Single by Daniel Zizka
- Released: 11 March 2026
- Genre: Indie pop
- Length: 3:00
- Songwriters: Daniel Žižka Viliam Béreš

Daniel Zizka singles chronology
| "Never Felt Like Less" (2025) | "Crossroads" (2026) |  |

Music video
- "Crossroads" on YouTube

Eurovision Song Contest 2026 entry
- Country: Czech Republic
- Artist: Daniel Zizka
- Language: English
- Composers: Viliam Béreš; Daniel Žižka;
- Lyricists: Viliam Béreš; Daniel Žižka;

Finals performance
- Semi-final result: 9th
- Semi-final points: 142
- Final result: 16th
- Final points: 113

Entry chronology
- ◄ "Kiss Kiss Goodbye" (2025)

= Crossroads (Daniel Žižka song) =

2026 song by Daniel Zizka

"Crossroads" is a song by Czech singer-songwriter Daniel Žižka. It was released on 11 March 2026 and represented the Czech Republic in the Eurovision Song Contest 2026 in Vienna, Austria.

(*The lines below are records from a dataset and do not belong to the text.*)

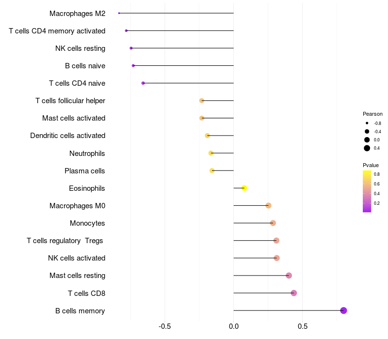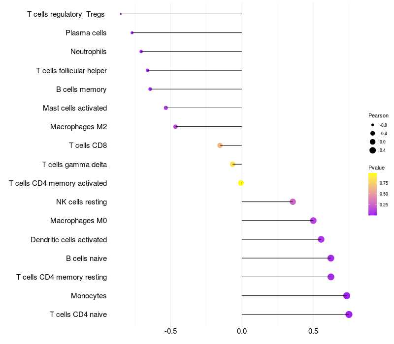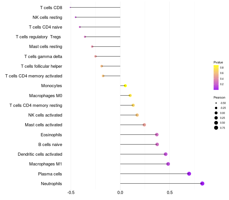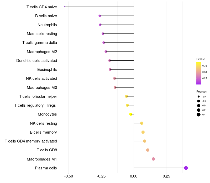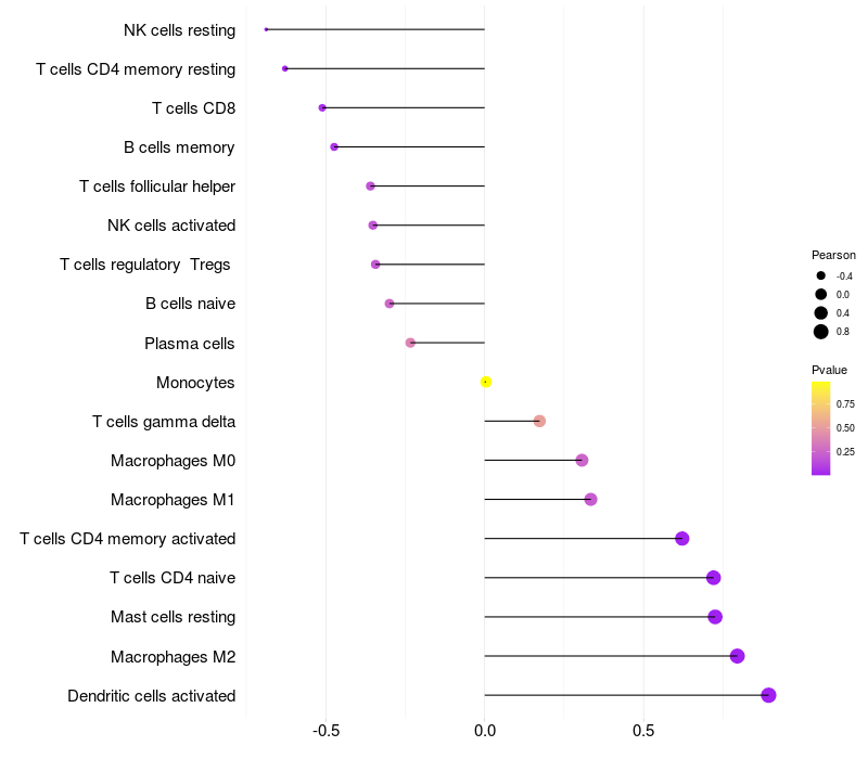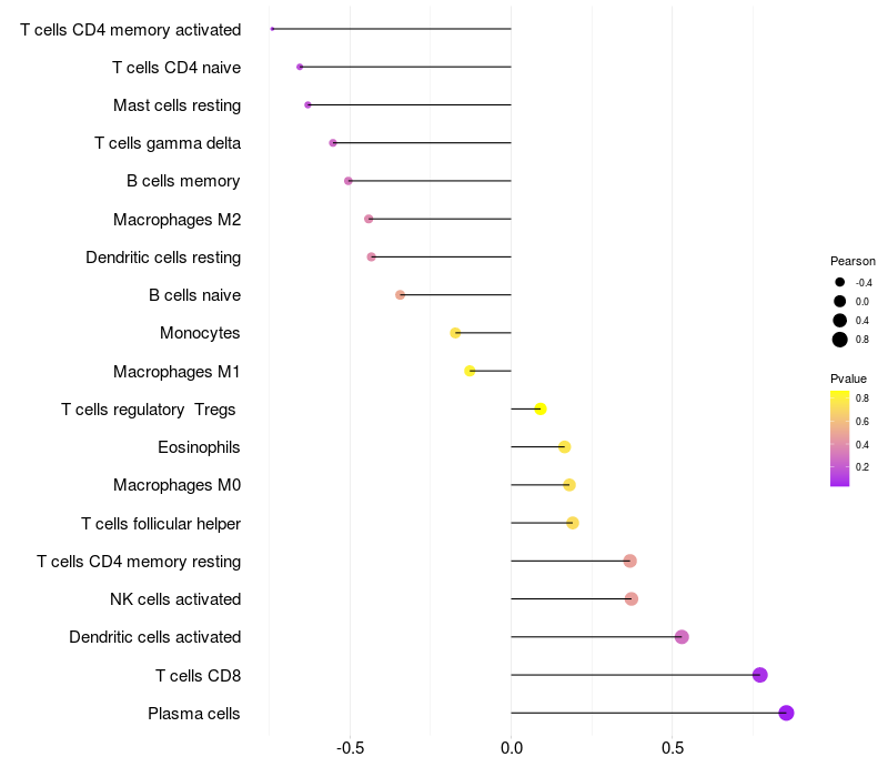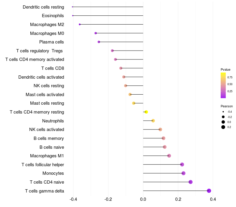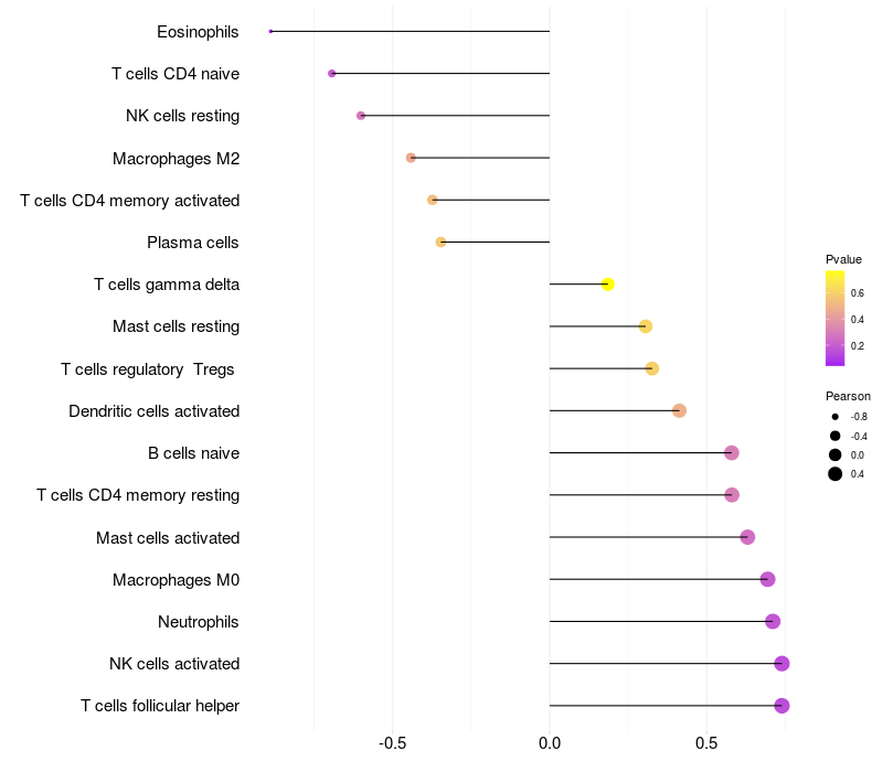 Lollipop of HLA-C expression and immune infiltrating cell level correlation result in EBV+ samples
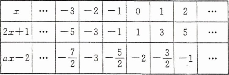 14. 观察下表,写出关于$x$的方程$2x + 1 = ax - 2$的解是
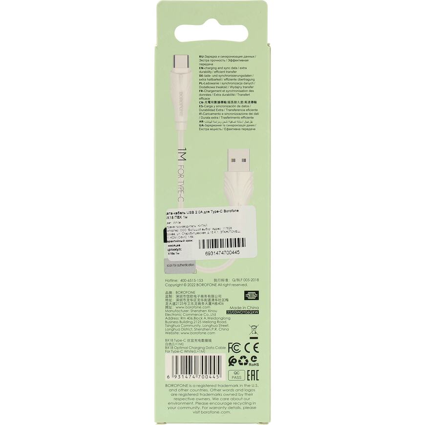 BOROFONE BX18 Type-C 1m White Белый 1 м. USB 2.0 A -> Type C

== Background and composition ==
The song was written by Daniel Žižka and Czech composer Viliam Béreš. According to Žižka, the writing process took approximately two years, and the song explores themes of uncertainty and choosing one's path in life.

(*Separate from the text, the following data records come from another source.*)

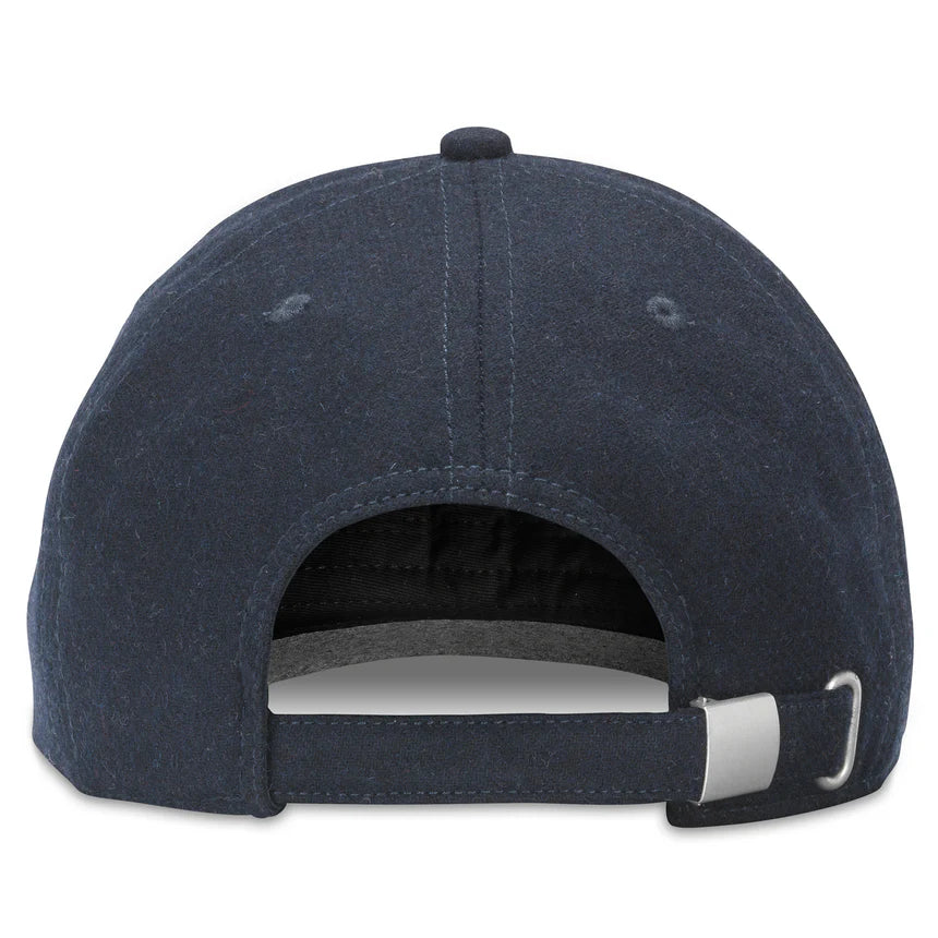 40% wool / 60% poly flannel 6-panel retro cap with soft light buckram crown and slight pre-curved visor. Front logo is lofted cotton thread embroidery. Features custom sew-in label identifying team logo inception inside of cap. Adjustable self-fabric back strap with matte finish metal buckle.
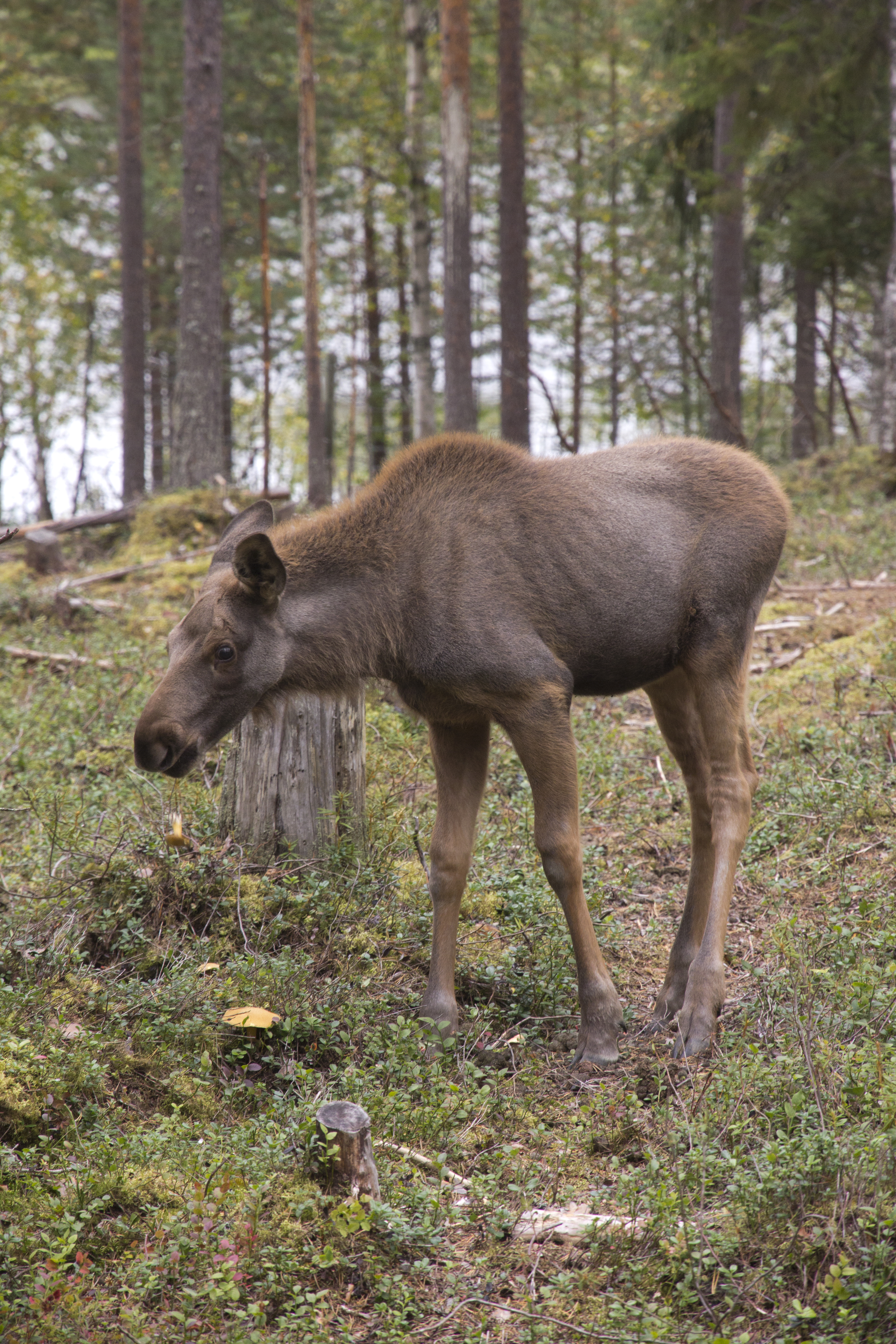 - Beskrivning: Ensam älgkalv på Arctic Moose Farm
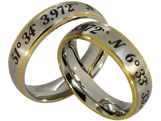 Die Ringe sind mit einer Laseraußengravur ("die von Ihnen ermittelten Koordinaten") veredelt. Die Schriftart ist nicht veränderbar.

Musically, "Crossroads" combines indie pop and alternative pop influences with atmospheric production and emotional vocal delivery.

== Eurovision Song Contest ==
On 11 March 2026, Czech broadcaster Czech Television announced that Daniel Žižka had been internally selected to represent Czechia in the Eurovision Song Contest 2026 with the song "Crossroads".

The song competed in the second semi-final of the contest held in Vienna. It qualified for the grand final, where it finished in 16th place with 113 points.

The song received positive reactions from Eurovision fans and critics, particularly for Žižka's live vocals and atmospheric staging. However, Daniel's performance in the final was affected by several technical issues: and although the Czech delegation submitted a request to perform again, they were denied to do so.